Comment by Ian Whalen (Inactive) [ 22/Aug/17 ]

Resolving this as Cannot Reproduce since we currently don't have enough info to proceed on. Please do reopen if you have any other information you can provide.

Comment by Justin Seyster [ 12/Jul/17 ]

I adapted the invalidated_cursors.js test that david.storch mentioned so that it runs continuously in a sharded configuration, but after running it for ~48 hours, it did not produce a failure.

I'm going to return this to the backlog for now, so that we can come back to it when we have more information. That will probably mean waiting for it to reproduce in another context.
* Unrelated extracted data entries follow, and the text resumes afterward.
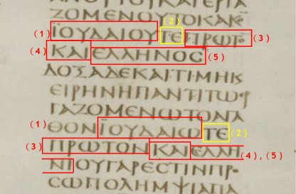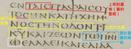 請看西奈抄本的徒18:24-25,左下角的白框白字,有一撇斜畫在文字上面,表示這裡抄寫出錯字。請看紅框紅字處,是冠詞、陰性、多數、間接受詞,其尾隨的紅線紅字也必須是陰性名詞、多數、間接受詞,意思是「書卷」。根據猶太文化的潛意識:凡修飾與三位一體者有關的東西,一律使用多數,所以「多數書卷 == 三位一體者的書卷 == 舊約聖經,包含有希伯來文和七十士譯本(希臘文)」。
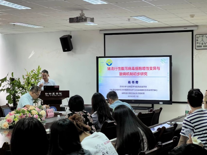 郭慧琛和肖书奇分别为大家带来题为“病毒样颗粒优化及应用策略”和“猪流行性腹泻病毒细胞嗜性变异与致病机制初步研究”的精彩学术报告。郭慧琛从病毒样颗粒的产生、优化及应用方面详细介绍了团队近年来的科研成果。肖书奇则为大家分享了猪流行性腹泻病毒PEDVS基因和E基因在细胞嗜性和致病机制中的作用和机制。教授们的讲座深入浅出、通俗易懂,给学院师生带来了一场学术大餐。
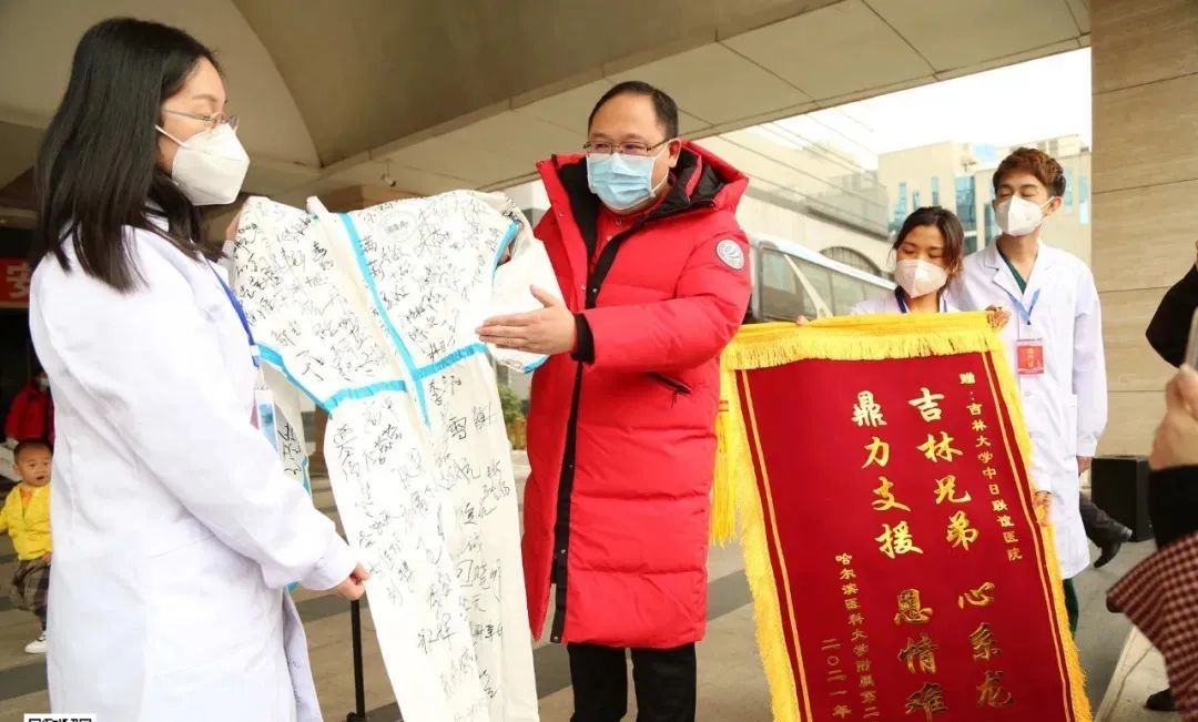 哈尔滨市举行欢送仪式,哈尔滨市人民政府、哈医大二院向吉林大学中日联谊医院医疗队送上锦旗,感谢医疗队为哈尔滨抗击疫情核酸检测工作作出的努力和贡献。仪式现场,该院医疗队回赠带有队员签字的院旗及防护服,共同记下一起同心抗疫的日日夜夜。

Steffen Thanks again for the detailed information and logs. When this reproduces, our team is going to be looking to see if the workload includes non-query commands that return cursors (like aggregate or listCollections) and also if there is the possibility that a collection got dropped around the time of the invariant failure. If you know whether those apply to your workload, we'd also be interested in knowing that.

Additionally, any information that you have about what commands or queries were running on mongos at the time of the failure and any general workload information that you have would be a huge help. Thanks!

Comment by David Storch [ 08/Jun/17 ]

Thanks for uploading the logs, steffen. The Query Team has analyzed them, but we were unable to find any useful information there. We have also done a code inspection of the ClusterCursorManager looking for a coding error that is consistent with this symptom. That has been a dead end so far.

We noticed that we have an existing test which attempts to stress concurrent cursor management: invalidated_cursors.js. However, this test has been blacklisted in a sharded configuration for an unrelated reason. The next action on this investigation should be to adapt the test to run sharded, and see if after many runs in our continuous integration loop we can reproduce this behavior.

Comment by Steffen [ 27/Apr/17 ]

Thanks, FYI: Sofar we don't know how to reproduce this. Also it's first time we noticed it.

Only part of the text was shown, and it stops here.